As sucessivas encíclicas "sociais" foram publicadas principalmente por ocasião de aniversários: quarenta anos depois (Quadragesimo anno), oitenta anos depois (Octogesima adveniens), cem anos depois (Centesimus annus) ... A prerrogativa das encíclicas a partir de João XXIII é que às vezes dirigem-se não só aos cristãos, mas - para recordar dois termos de matriz bíblica que entraram no léxico da Igreja graças àquele Papa - a todos os "homens de boa vontade", em vista de um esforço comum para decifrar "os sinais dos tempos".

Depois de João XXIII, Paulo VI se questionou sobre o problema do título em virtude do qual a Igreja pode pensar em se dirigir a todos os homens de boa vontade. E ofereceu uma resposta ambiciosa: pode falar como "especialista em humanidade". Nessa perspectiva, deixa de se contrapor frontalmente ao mundo, como de fato acontecia desde os primeiros sinais da Modernidade, mas se insere plenamente em seu movimento, na esperança de dirigi-lo sem se contrapor a priori a ele.

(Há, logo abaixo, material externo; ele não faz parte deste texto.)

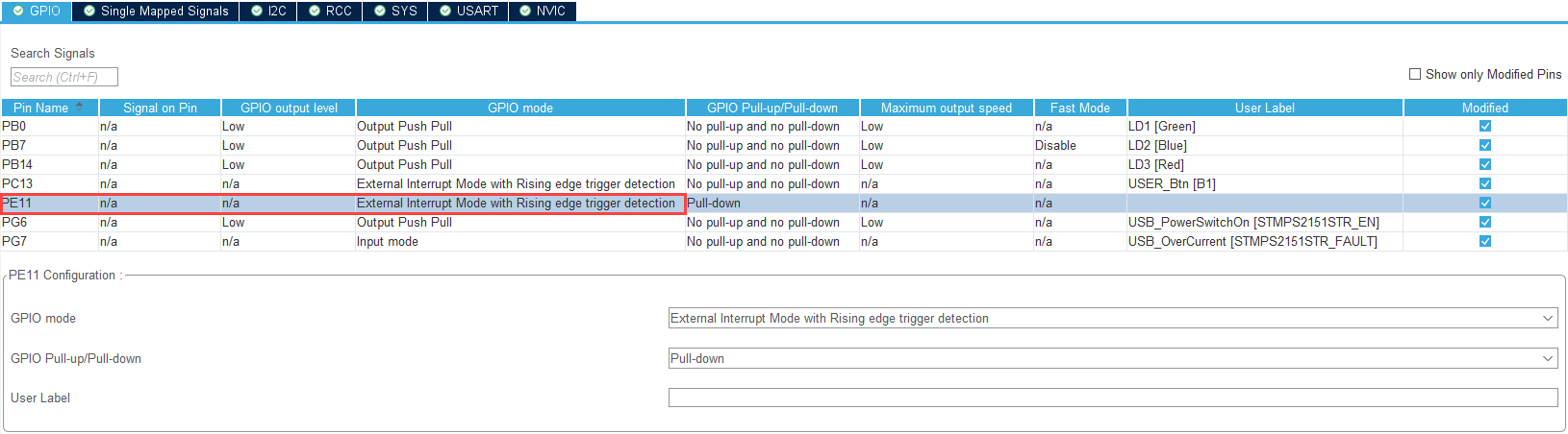 • Connect the INT1 pin of the LIS3DH sensor to pin PE11 on the STMicroelectronics STM32 processor based board.

A encíclica Fratelli tutti segue esse caminho. O papa se refere ao sentimento comum com o Grande Imã de Al-Azhar, com que se encontrou em Abu Dhabi, assim como na anterior Laudato si' ele havia atribuído a primeira ideia dela ao encontro com o patriarca ortodoxo Bartolomeu. O Papa apresenta-se quase como um primus inter pares, chamado a dar voz com eles à fraternidade humana comum.

À primeira vista, retoma um impulso que veio de João Paulo II (e não muito apreciado por Bento XVI), que com os encontros em Assis entre líderes religiosos quis mostrar que não só as diferentes confissões cristãs, mas o complexo das religiões - muitas vezes um fator de fortalecimento de inimizades e conflitos identitários - podem encontrar um terreno comum para reflexão e oração em vista da paz. No entanto, enquanto aqueles encontros em Assis foram espetacularmente caracterizadas pelo número e variedade de convidados, aqui se trata de encontros e diálogos a dois, cujo fruto está incorporado em documentos pertencentes ao gênero literário mais elevado entre aqueles à disposição do Magistério papal.

 

Como essa encíclica se encaixa em relação às outras duas editadas por Francisco? A primeira - Lumen fidei - aparentemente mais tradicional, mas centrada em um tema controverso da tradição cristã - "ágape" - e a segunda mais resolutamente ambientalista (Laudato si').

O texto é apresentado como uma espécie de summa do pensamento do papa, um pequeno dicionário enciclopédico de seu pensamento, entrelaçado como está de citações tiradas suas intervenções anteriores. Portanto, não pretende ser um texto original, mas marcar um ponto no percurso de um papa que, evidentemente, acredita que chegou a hora de definir a si mesmo. Sua autoridade é inversamente proporcional à crise de prestígio das lideranças tradicionais e mais em geral dos grupos dirigentes políticos e eclesiásticos em todos os níveis, principalmente incapazes de interpretar e orientar os destinos do mundo, de reformar e de se reformar. O papa faz o que faz de melhor: eleva uma voz profética, não no sentido de prever o futuro, mas como intérprete do presente à luz do desígnio expresso na Revelação cristã.

 

Aqui está: este parece-nos um ponto crucial, que pode e deve questionar também as esquerdas que se colocam um projeto de transformação social e política. O "profetismo" papal parece se basear precisamente, como você diz, na total ausência de vozes alternativas. Na encíclica, esse "profetismo" se expressa em uma visão profundamente realista da realidade. O papa parece reivindicar essa visão como objetiva e científica. Numa passagem-chave, ele reivindica uma leitura contextual e histórica da exclusão social, representada no conceito cristão (ambivalente) de pobreza (“Quando dizem que o mundo moderno reduziu a pobreza, fazem-no medindo-a com critérios doutros tempos não comparáveis à realidade atual. Pois noutros tempos, por exemplo, não ter acesso à energia elétrica não era considerado um sinal de pobreza nem causava grave incômodo. A pobreza sempre se analisa e compreende no contexto das possibilidades reais dum momento histórico concreto.").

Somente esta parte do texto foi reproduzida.